"I care not much for a man's religion whose dog and cat are not the better for it." ~ Abraham Lincoln
Tuesday, April 03, 2007
sweet Jesus
What's wrong with the chocolate Jesus? Is it that his genitals are showing? Or is it that he is made of chocolate? OK, so it is milk chocolate - should have been dark chocolate, but hey. Also it's perhaps somewhat ambivalent that the sculpture appears to depict the crucified Christ, rather than the sweet Jesus image, but Christians have been saying for centuries that he is the source of all sweetness, so why not. Maybe the Catholics who complained are worried that someone is going to eat the sculpture, but don't they eat the body of Christ in the communion ritual?
Buddhists make holy images from butter. Pagans revere naked gods (some are so ithyphallic it makes your eyes water) and goddesses. Queer Christians celebrate Jesus in love. When the male disciples rebuked Mary Magdalene for pouring perfume over Jesus' feet, he praised her and rebuked them. I think he'd feel the same way about this. It's a sensual thing. There's even a song by Tom Waits called Chocolate Jesus.

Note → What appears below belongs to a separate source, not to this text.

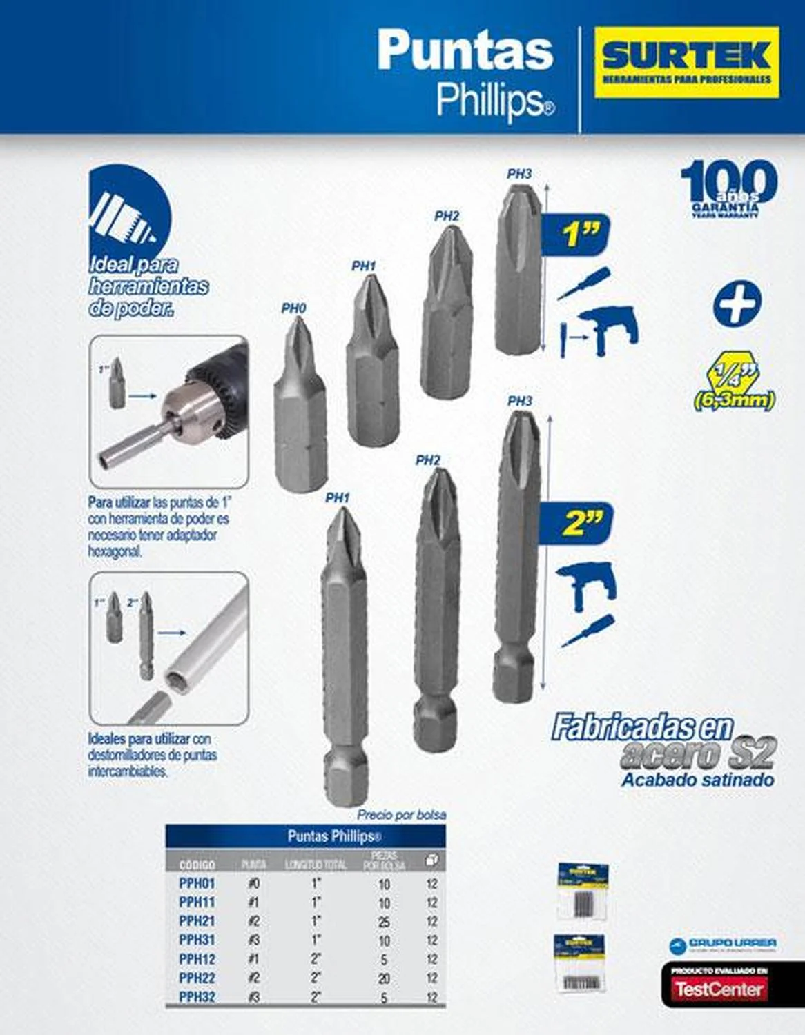 MARCA: Surtek DESCRIPCION DEL PRODUCTO: -Fabricadas en acero S2 acabado satinado-Para utilizar las puntas de 1″ con herramienta de poder es necesario tener adaptador hexagonal-Punta Phillips ESPECIFICACIONES TECNICAS: -Longitud Total: 2″-Vástago: Hexagonal 1/4″-Tamaño De Punta: No. 3-Tipo De Punta: Phillips CONTENIDO DEL PAQUETE: punta Phillips GARANTIA: 1 año ALTO EN CM: 0.5 LARGO EN CM: 12 FONDO EN CM: 10 PESO EN KG: 0.061
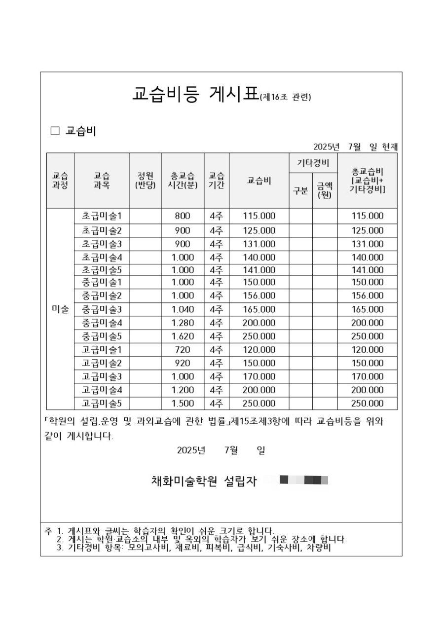 채화미술학원 상세정보

Some of Cavallaro's other work is quite disturbing, particularly the stuff he does to perfectly harmless pillows. It's clearly meant to disturb, to make you think. Just because something disturbs one's sensibilities, that's no reason to ban it or make death threats against the artist. It's interesting that a Catholic spokesperson said "They would never dare do something similar with a chocolate statue of the Prophet Mohammed naked with his genitals exposed during Ramadan." No, because Muslims would make death threats... It's almost as if Muslim extremism is encouraging or licensing other forms of extremism, and there is a climate in which it will eventually become impossible to do or say anything for fear of offending someone. There was a documentary recently about the controversy that surrounded The Life of Brian, which speculated (probably correctly) that the film couldn't have been made in the current climate of fear.